═══ Records shown
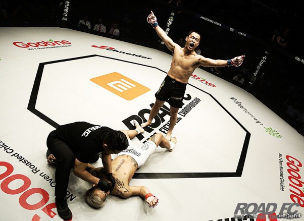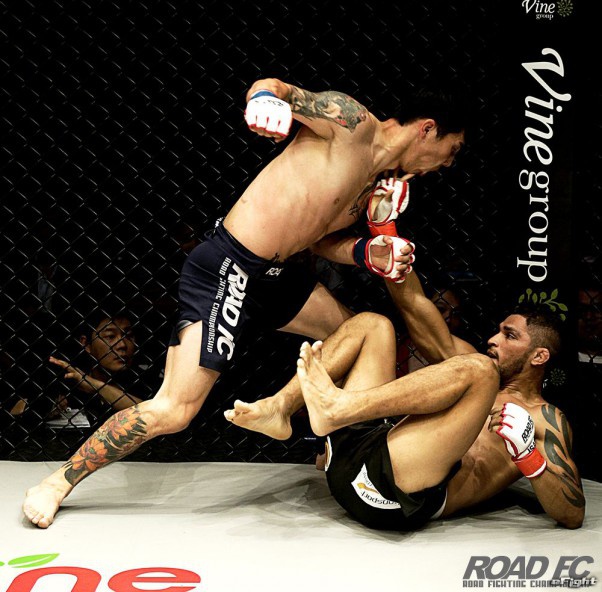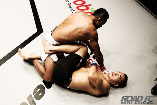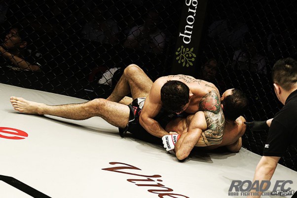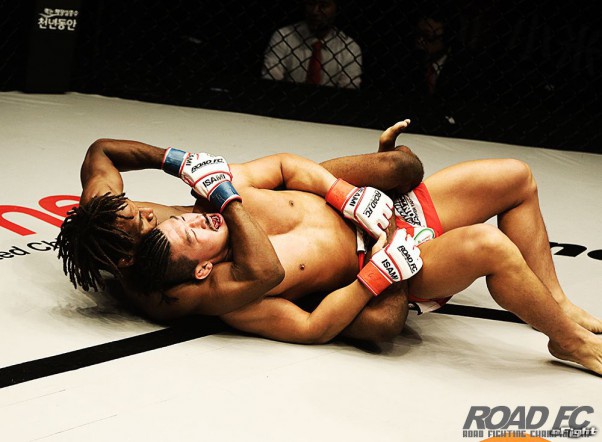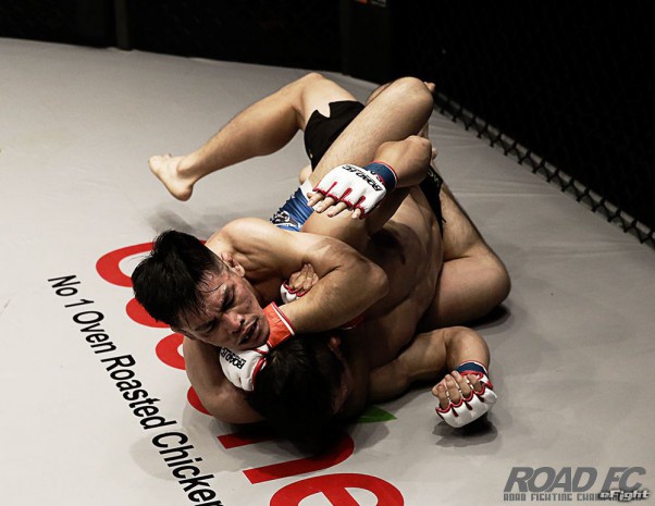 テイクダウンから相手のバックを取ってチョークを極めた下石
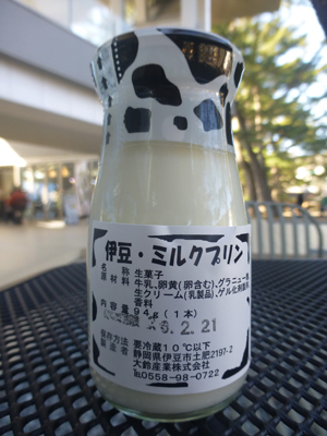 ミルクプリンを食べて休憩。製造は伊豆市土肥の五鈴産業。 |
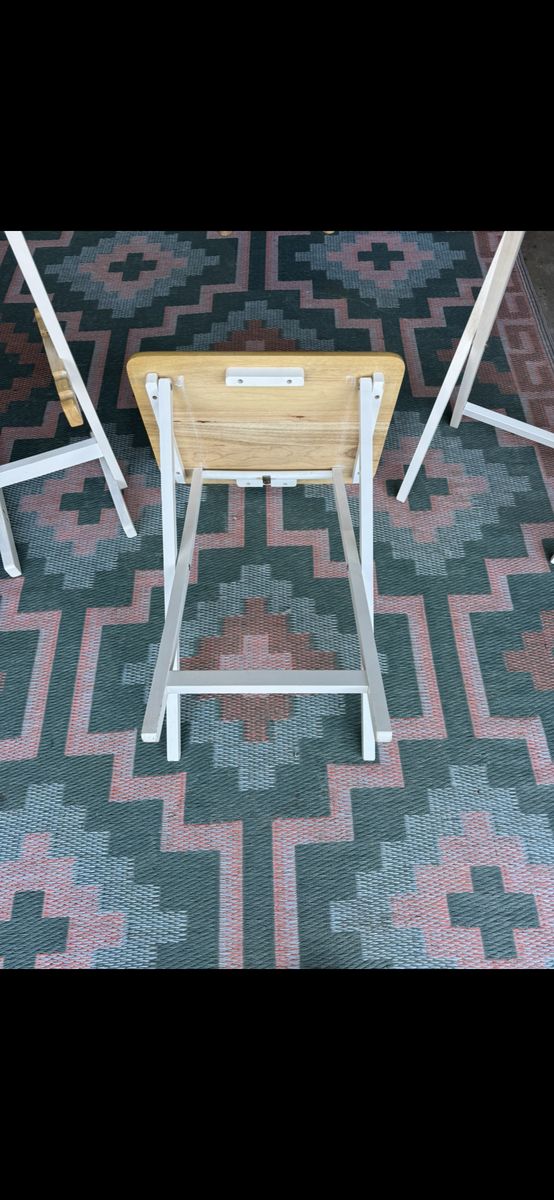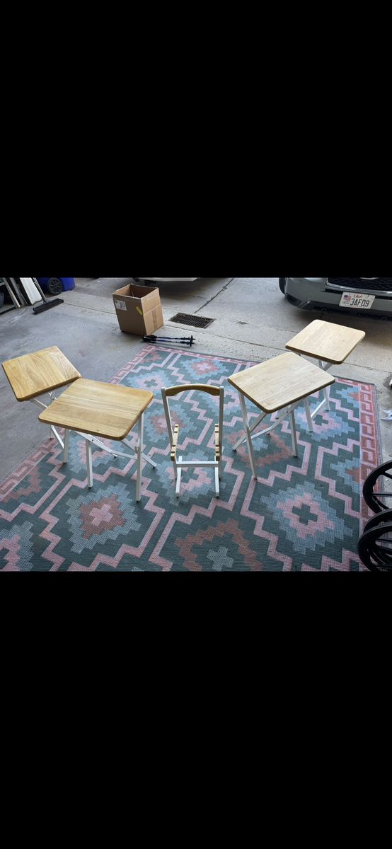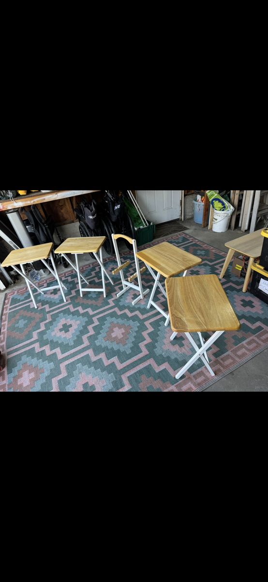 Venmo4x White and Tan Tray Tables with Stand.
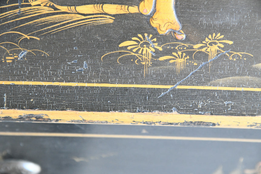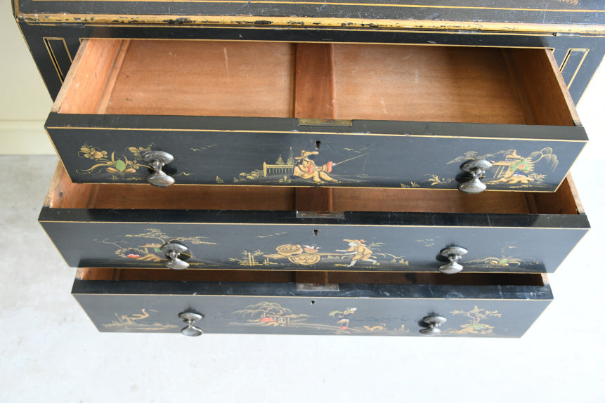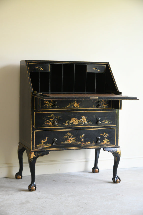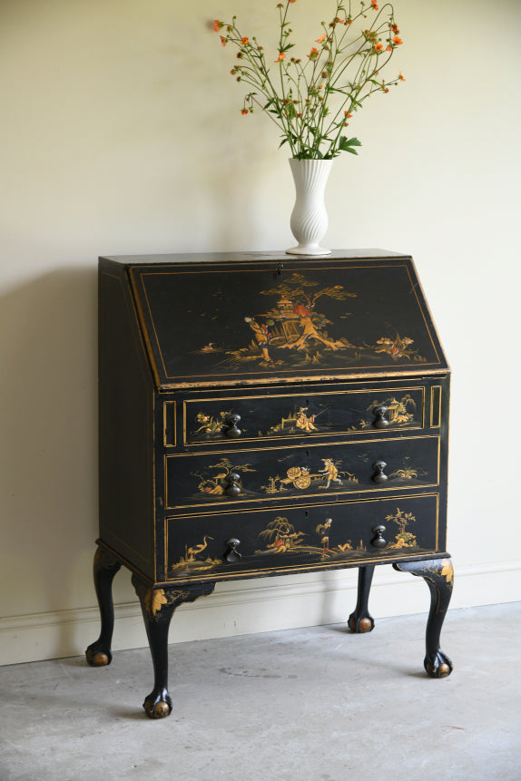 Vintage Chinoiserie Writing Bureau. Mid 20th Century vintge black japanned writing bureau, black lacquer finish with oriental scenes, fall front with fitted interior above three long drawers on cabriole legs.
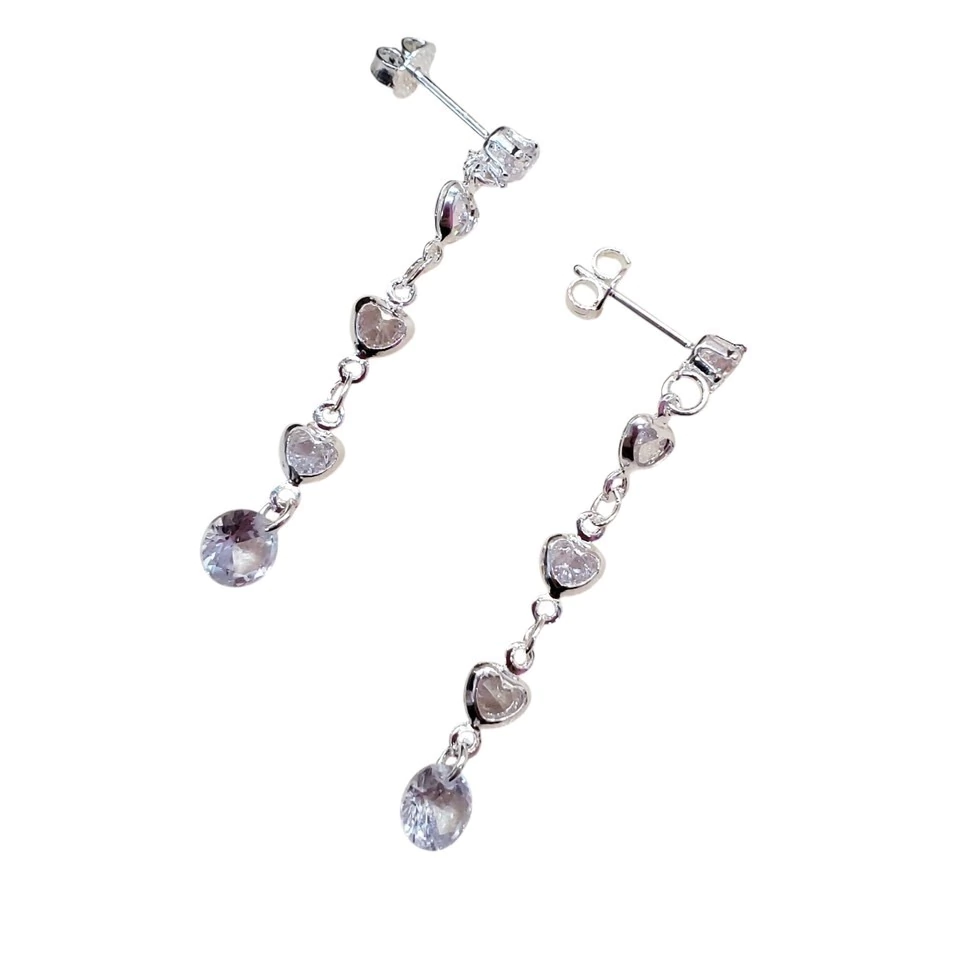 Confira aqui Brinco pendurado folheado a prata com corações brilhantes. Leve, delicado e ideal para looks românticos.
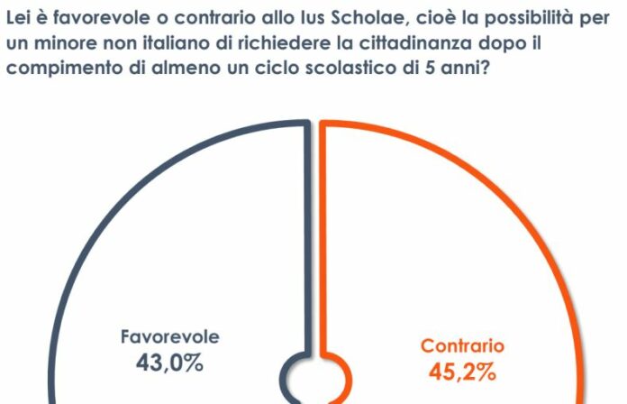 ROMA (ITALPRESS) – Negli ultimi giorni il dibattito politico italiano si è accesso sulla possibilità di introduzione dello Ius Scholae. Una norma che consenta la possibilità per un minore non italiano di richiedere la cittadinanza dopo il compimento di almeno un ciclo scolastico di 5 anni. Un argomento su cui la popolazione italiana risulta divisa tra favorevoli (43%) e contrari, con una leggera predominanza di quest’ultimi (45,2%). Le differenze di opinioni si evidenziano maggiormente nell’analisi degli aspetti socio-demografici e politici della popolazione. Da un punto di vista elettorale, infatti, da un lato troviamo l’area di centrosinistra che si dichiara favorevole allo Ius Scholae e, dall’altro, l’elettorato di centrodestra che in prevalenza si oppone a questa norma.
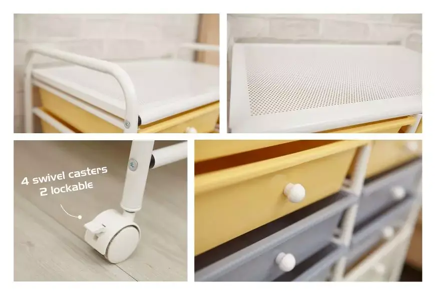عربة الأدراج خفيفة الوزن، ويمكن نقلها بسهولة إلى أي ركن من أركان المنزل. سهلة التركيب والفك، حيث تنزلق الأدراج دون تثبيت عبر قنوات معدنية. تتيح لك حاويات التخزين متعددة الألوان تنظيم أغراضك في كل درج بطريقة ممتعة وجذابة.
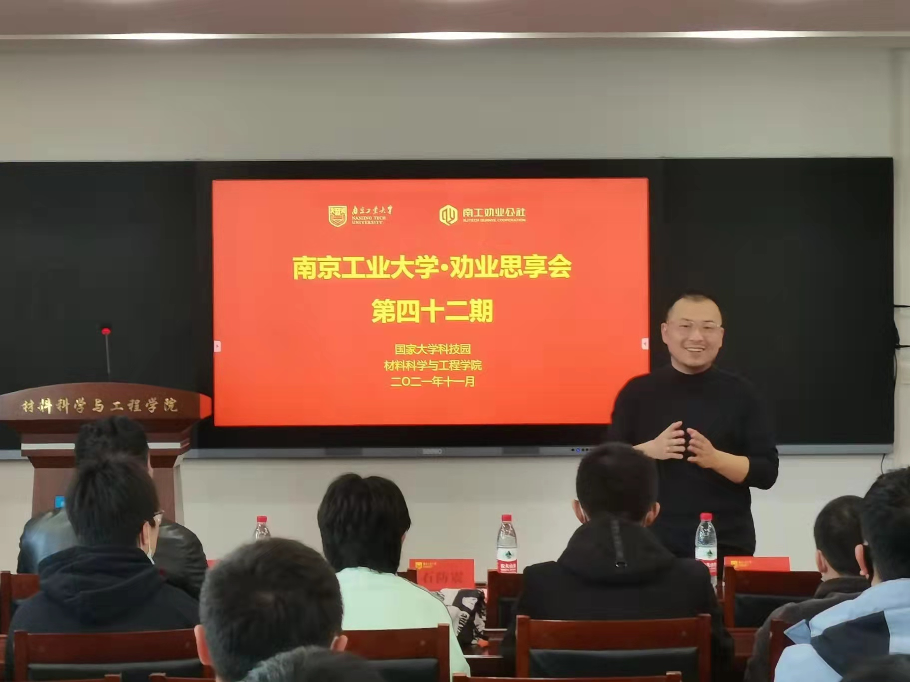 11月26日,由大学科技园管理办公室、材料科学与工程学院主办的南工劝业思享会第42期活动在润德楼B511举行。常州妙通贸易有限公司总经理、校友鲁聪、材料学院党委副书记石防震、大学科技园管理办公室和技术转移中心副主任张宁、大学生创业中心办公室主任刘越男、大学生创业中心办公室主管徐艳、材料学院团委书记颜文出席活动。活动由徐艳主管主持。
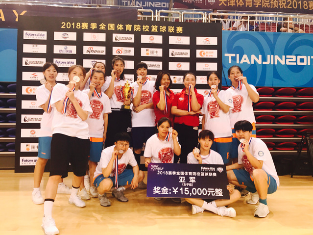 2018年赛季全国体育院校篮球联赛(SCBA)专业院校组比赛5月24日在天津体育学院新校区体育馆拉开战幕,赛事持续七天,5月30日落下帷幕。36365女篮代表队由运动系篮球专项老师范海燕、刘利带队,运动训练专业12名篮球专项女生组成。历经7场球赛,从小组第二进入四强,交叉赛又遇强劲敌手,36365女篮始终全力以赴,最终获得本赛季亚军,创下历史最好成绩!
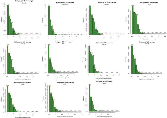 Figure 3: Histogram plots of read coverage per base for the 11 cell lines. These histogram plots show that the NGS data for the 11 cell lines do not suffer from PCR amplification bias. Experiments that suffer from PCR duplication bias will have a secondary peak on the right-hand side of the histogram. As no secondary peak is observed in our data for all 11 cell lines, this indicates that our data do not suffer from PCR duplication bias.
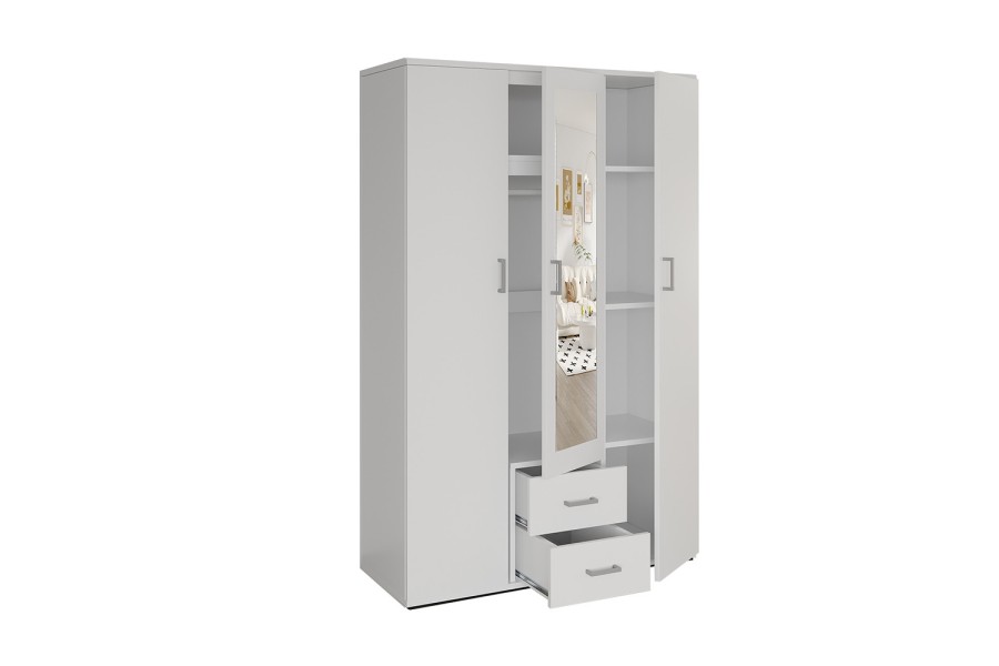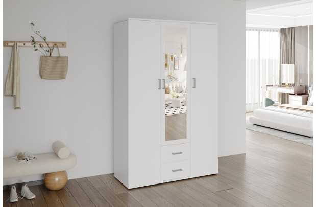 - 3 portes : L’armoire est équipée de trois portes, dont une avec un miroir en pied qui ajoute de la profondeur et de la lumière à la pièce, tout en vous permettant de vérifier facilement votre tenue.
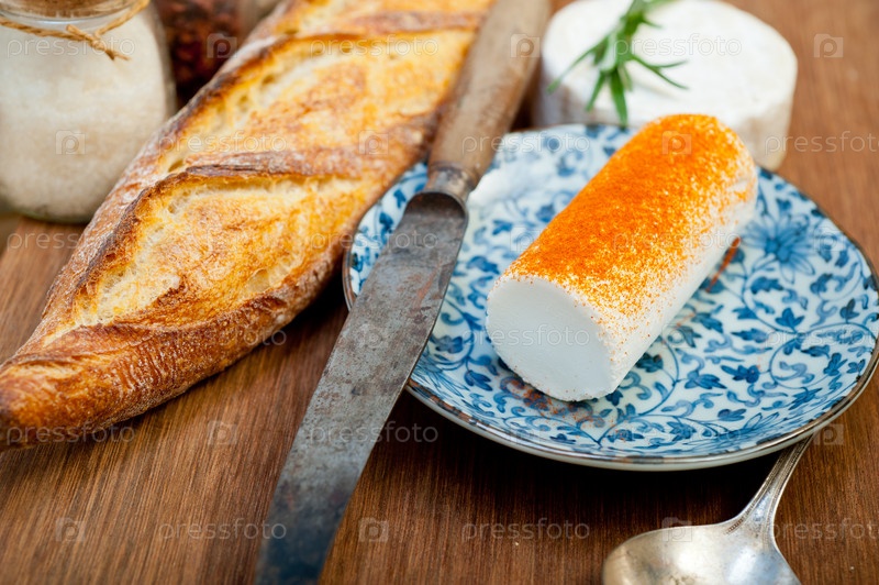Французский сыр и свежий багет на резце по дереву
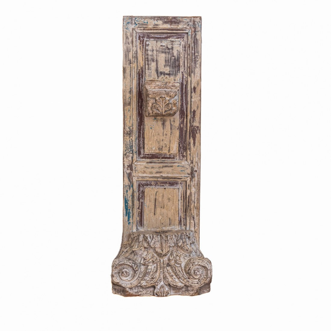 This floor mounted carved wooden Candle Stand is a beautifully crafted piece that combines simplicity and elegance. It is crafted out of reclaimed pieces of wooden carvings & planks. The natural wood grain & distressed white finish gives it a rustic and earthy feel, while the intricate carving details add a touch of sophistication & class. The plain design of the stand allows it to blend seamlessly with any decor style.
══════
* _Task directions_
Could every entry be restated word for word, pictures excluded?

* _Reply_
 テイクダウンから相手のバックを取ってチョークを極めた下石
 ミルクプリンを食べて休憩。製造は伊豆市土肥の五鈴産業。 |
 Venmo4x White and Tan Tray Tables with Stand.
 Vintage Chinoiserie Writing Bureau. Mid 20th Century vintge black japanned writing bureau, black lacquer finish with oriental scenes, fall front with fitted interior above three long drawers on cabriole legs.
 Confira aqui Brinco pendurado folheado a prata com corações brilhantes. Leve, delicado e ideal para looks românticos.
 ROMA (ITALPRESS) – Negli ultimi giorni il dibattito politico italiano si è accesso sulla possibilità di introduzione dello Ius Scholae. Una norma che consenta la possibilità per un minore non italiano di richiedere la cittadinanza dopo il compimento di almeno un ciclo scolastico di 5 anni. Un argomento su cui la popolazione italiana risulta divisa tra favorevoli (43%) e contrari, con una leggera predominanza di quest’ultimi (45,2%). Le differenze di opinioni si evidenziano maggiormente nell’analisi degli aspetti socio-demografici e politici della popolazione. Da un punto di vista elettorale, infatti, da un lato troviamo l’area di centrosinistra che si dichiara favorevole allo Ius Scholae e, dall’altro, l’elettorato di centrodestra che in prevalenza si oppone a questa norma.
عربة الأدراج خفيفة الوزن، ويمكن نقلها بسهولة إلى أي ركن من أركان المنزل. سهلة التركيب والفك، حيث تنزلق الأدراج دون تثبيت عبر قنوات معدنية. تتيح لك حاويات التخزين متعددة الألوان تنظيم أغراضك في كل درج بطريقة ممتعة وجذابة.
 11月26日,由大学科技园管理办公室、材料科学与工程学院主办的南工劝业思享会第42期活动在润德楼B511举行。常州妙通贸易有限公司总经理、校友鲁聪、材料学院党委副书记石防震、大学科技园管理办公室和技术转移中心副主任张宁、大学生创业中心办公室主任刘越男、大学生创业中心办公室主管徐艳、材料学院团委书记颜文出席活动。活动由徐艳主管主持。
 2018年赛季全国体育院校篮球联赛(SCBA)专业院校组比赛5月24日在天津体育学院新校区体育馆拉开战幕,赛事持续七天,5月30日落下帷幕。36365女篮代表队由运动系篮球专项老师范海燕、刘利带队,运动训练专业12名篮球专项女生组成。历经7场球赛,从小组第二进入四强,交叉赛又遇强劲敌手,36365女篮始终全力以赴,最终获得本赛季亚军,创下历史最好成绩!
 Figure 3: Histogram plots of read coverage per base for the 11 cell lines. These histogram plots show that the NGS data for the 11 cell lines do not suffer from PCR amplification bias. Experiments that suffer from PCR duplication bias will have a secondary peak on the right-hand side of the histogram. As no secondary peak is observed in our data for all 11 cell lines, this indicates that our data do not suffer from PCR duplication bias.
 - 3 portes : L’armoire est équipée de trois portes, dont une avec un miroir en pied qui ajoute de la profondeur et de la lumière à la pièce, tout en vous permettant de vérifier facilement votre tenue.
Французский сыр и свежий багет на резце по дереву
 This floor mounted carved wooden Candle Stand is a beautifully crafted piece that combines simplicity and elegance. It is crafted out of reclaimed pieces of wooden carvings & planks. The natural wood grain & distressed white finish gives it a rustic and earthy feel, while the intricate carving details add a touch of sophistication & class. The plain design of the stand allows it to blend seamlessly with any decor style.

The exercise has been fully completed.